◆ Exercise objective ◆
When you reach the line that contains "As mentioned above, the", begin copying exactly, and continue through the last line of the data; no pictures belong in the copy.

◆ Data extract ◆
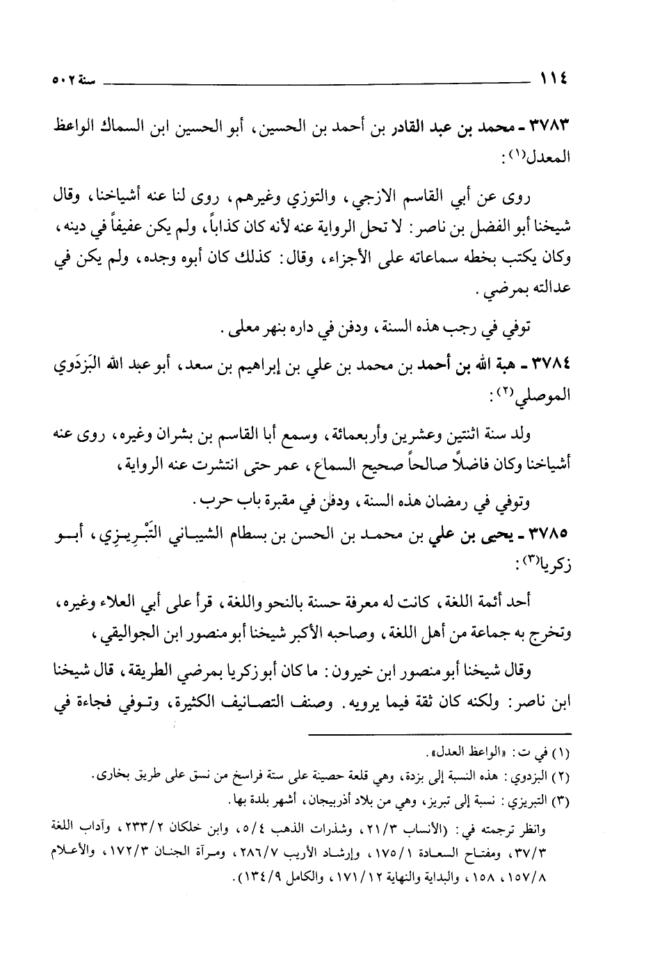 3785- يحيى بن علي بن محمد بن الحسن بن بسطام الشيباني التبريزي، أبو زكريا
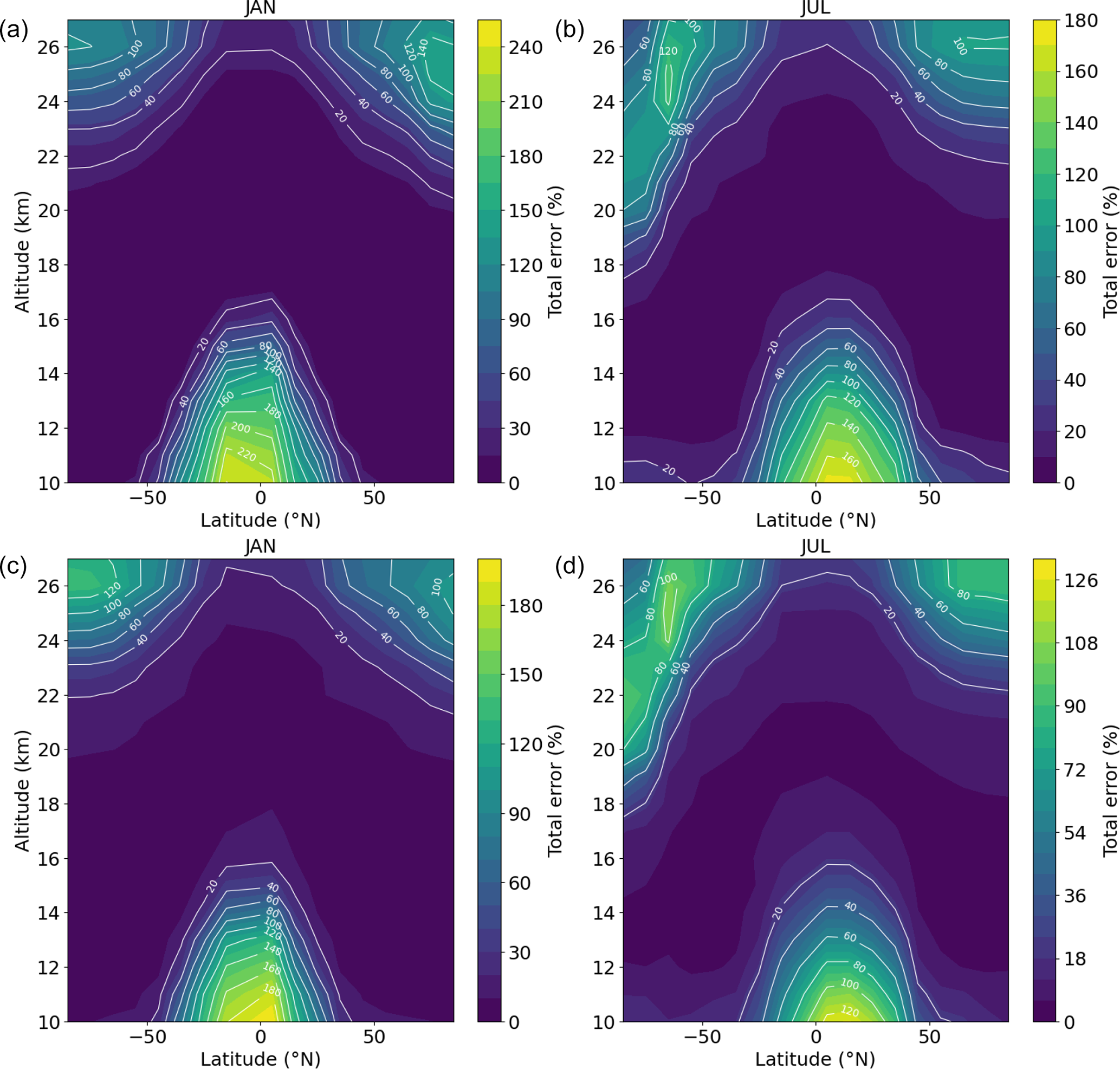 As mentioned above, the total errors from the background case are used for the error analysis of the retrieval of the first month of the initial phase. Figure 7 shows the total errors in percent for the background case, i.e. 0 Tg S yr−1, in January. The aim is to see whether it is possible to observe the emission of 1 Tg S yr−1 in the first month of the initial phase subplot (Jan) of panel (a) in Fig. 1. Comparing the total errors with those for 1 and 2 Tg S yr−1 in the quasi-steady-state phase (see Sect. 3.2), the total errors in the background case are clearly larger. Also in this case, the total errors vary with altitude and latitude (see Fig. 7).
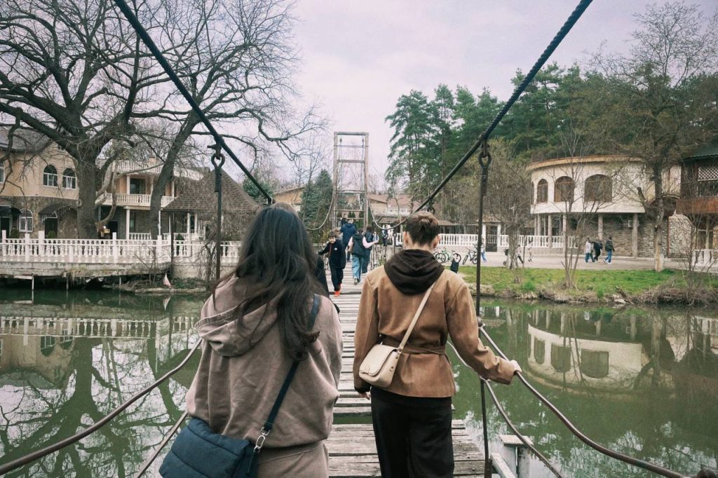 Самый запоминающийся момент — это мост у центра осетроводства. Полуразвалившийся, с досками, которые не внушают доверия. На нём школьники ловят рыбу, а с другой стороны — стая бродячих собак. Мы остановились, постояли, посмотрели друг на друга и какое-то время реально думали, стоит ли идти дальше. Разворачиваться уже не хотелось, поэтому решили рискнуть.
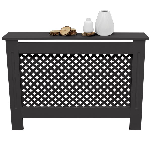 ECD Germany Heizkörperverkleidung mit Wabenmuster 112x19x82 cm Schwarz MDF lackiert für Schlafzimmer Wohnzimmer Heizungsverkleidung Heizkörperabdeckung Heizungsabdeckung Heizung Heizkörper Abdeckung

◆ Problem solution ◆
 As mentioned above, the total errors from the background case are used for the error analysis of the retrieval of the first month of the initial phase. Figure 7 shows the total errors in percent for the background case, i.e. 0 Tg S yr−1, in January. The aim is to see whether it is possible to observe the emission of 1 Tg S yr−1 in the first month of the initial phase subplot (Jan) of panel (a) in Fig. 1. Comparing the total errors with those for 1 and 2 Tg S yr−1 in the quasi-steady-state phase (see Sect. 3.2), the total errors in the background case are clearly larger. Also in this case, the total errors vary with altitude and latitude (see Fig. 7).
 Самый запоминающийся момент — это мост у центра осетроводства. Полуразвалившийся, с досками, которые не внушают доверия. На нём школьники ловят рыбу, а с другой стороны — стая бродячих собак. Мы остановились, постояли, посмотрели друг на друга и какое-то время реально думали, стоит ли идти дальше. Разворачиваться уже не хотелось, поэтому решили рискнуть.
 ECD Germany Heizkörperverkleidung mit Wabenmuster 112x19x82 cm Schwarz MDF lackiert für Schlafzimmer Wohnzimmer Heizungsverkleidung Heizkörperabdeckung Heizungsabdeckung Heizung Heizkörper Abdeckung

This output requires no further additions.